Когда я попросила помочь мне понять основные механизмы иммунитета, профессор иммунологии прочел мне двухчасовую лекцию об иммунной системе в кофейне. Ни разу, за все два часа, он не употребил ни одной военной метафоры, описывая работу организма. Скорее, его метафоры были гастрономическими или образовательными: клетки «ели» или «переваривали» патогены и «инструктировали» другие клетки. Если он говорил о смерти и разрушении, то буквально имел в виду смерть и разрушение. Научный термин для обозначения одного типа лейкоцитов, уничтожающих другие клетки, сказал он мне, – это «клетки естественные киллеры».

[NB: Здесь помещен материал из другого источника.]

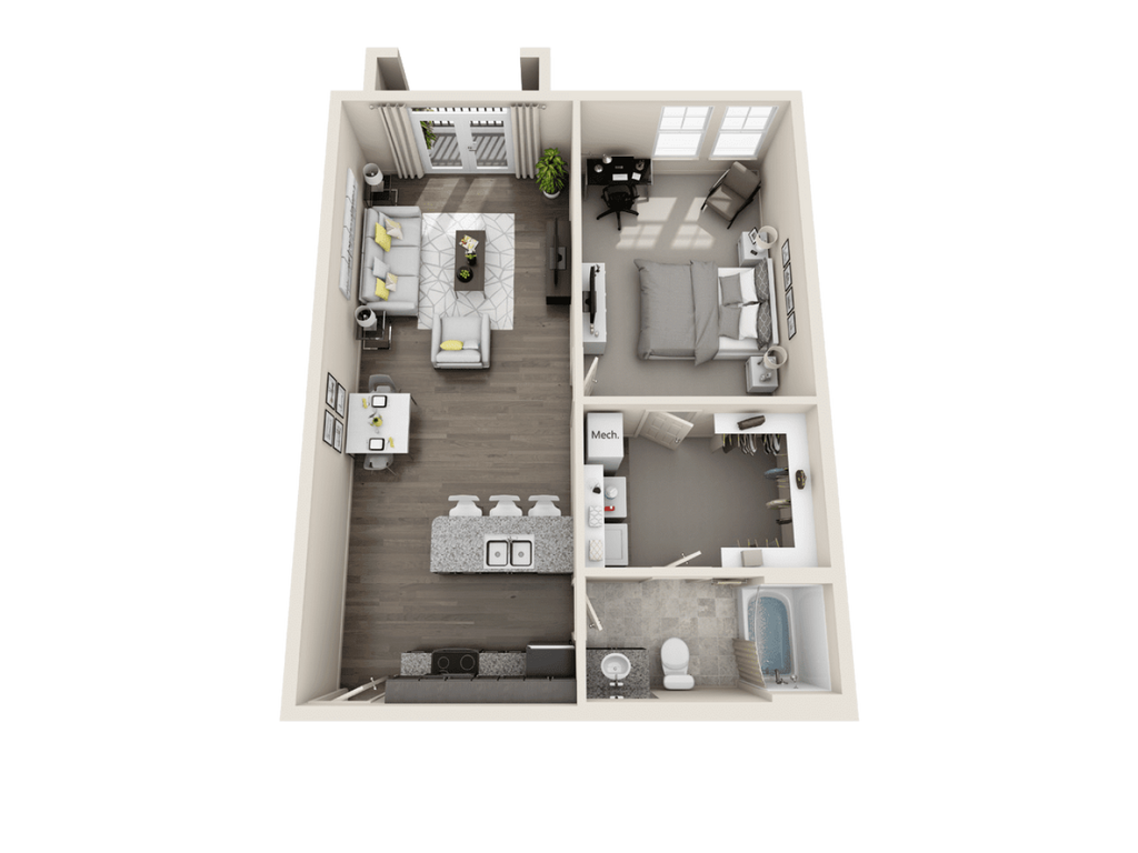 1 Dormitorio, 1 Baño, 841 pies²Disponible AhoraGalería del Modelo

Позже я посетила несколько лекций этого же профессора. По ходу того, как я пыталась понять разницу между врожденным и адаптивным иммунитетом и не запутаться в таких аббревиатурах, как ЦПР, ПАМФ и АПК, я тем не менее заметила, что в своей насыщенной жизни иммунные клетки целуются, проявляют наивность, едят, очищаются, выражаются, превращаются, обучаются, делают презентации, созревают и запоминают. Мой приятель, преподаватель поэтики, заметил по этому поводу: «Короче, они ведут себя как мои студенты».

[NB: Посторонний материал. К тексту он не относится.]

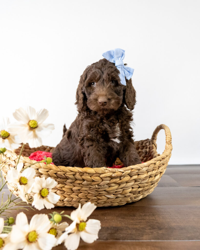 Pippen is a medium multigen Labradoodle puppy who will be ready for his forever home March 25th! His soft, fluffy coat is hypoallergenic and non-shedding, ensuring endless snuggles without fear of allergic reactions.
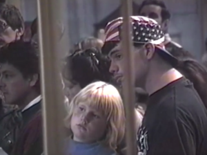 Couple in the Cage satirically critiques the Western gaze and historical commodification of indigenous cultures through performance art. The traveling “exhibit” features two performers who are “authentic Guantinauis” highlighting the absurdity of colonialist practices that treat non-Western people as objects of curiosity. A majority of the film focuses on the audience’s reaction to the performance. Their reactions vary greatly from curiosity to discomfort, with one person even asking “What do they do on their day off?” reflecting a deeply rooted capitalist/ Western mindset. One woman describes the exhibit as a “slap in the face” and then becomes a part of the artist’s performance when the camera clicks in her face. Making her a subject of the same objectifying gaze she critiques. The interplay of authenticity and performance raises questions of who controls the narrative and identities are presented and reflected back to the audience through performance.

Если я что-то и вынесла с той лекции, так это представление о драме взаимодействия нашей иммунной системы и патогенов, с которыми она совместно развивается. Эту драму иногда характеризуют как ведение битвы, но это не война боевых вертолетов и беспилотных дронов – это война умов. «Потом вирусы стали умнее, – говорил профессор, – и сделали нечто весьма изобретательное: они использовали против нас нашу же стратегию». Профессор изъяснялся так, будто наши тела и вирусы, как две разведки, сцепились в поединке за игрой в смертоносные шахматы.
Каждый раз, гуляя по берегу озера Мичиган и идя к северу, я прохожу мимо большого кладбища. Это происходит почти каждый день, когда стоит теплая погода. Однажды, прекрасным летним утром, когда мой сын возмущенно требовал выпустить его из коляски, я свернула в железные ворота кладбища, чтобы ребенок мог побегать по его тропинкам в тени раскидистых деревьев. «Привет! – радостно воскликнул он, помахав в пространство, когда мы вошли на безлюдное кладбище. – Привет!» Он беспрестанно с кем-то здоровался, ковыляя по дорожке, каждый раз останавливаясь и улыбаясь в пространство. Он очень редко здоровался с людьми, и мне стало любопытно. Я присела на корточки и поняла, что он смотрит в двери какого-то склепа. «Что это?» – спросил он. Я присмотрелась и похолодела. Но он уже устремился дальше, переваливаясь из стороны в сторону, и я последовала за ним, на мгновение задержавшись у гранитного обелиска, на котором было крупными буквами выбито имя ВИЛЛИ. Имена остальных членов семьи были написаны на других могильных камнях. Этот Вилли умер в 1888 году в возрасте восьми лет.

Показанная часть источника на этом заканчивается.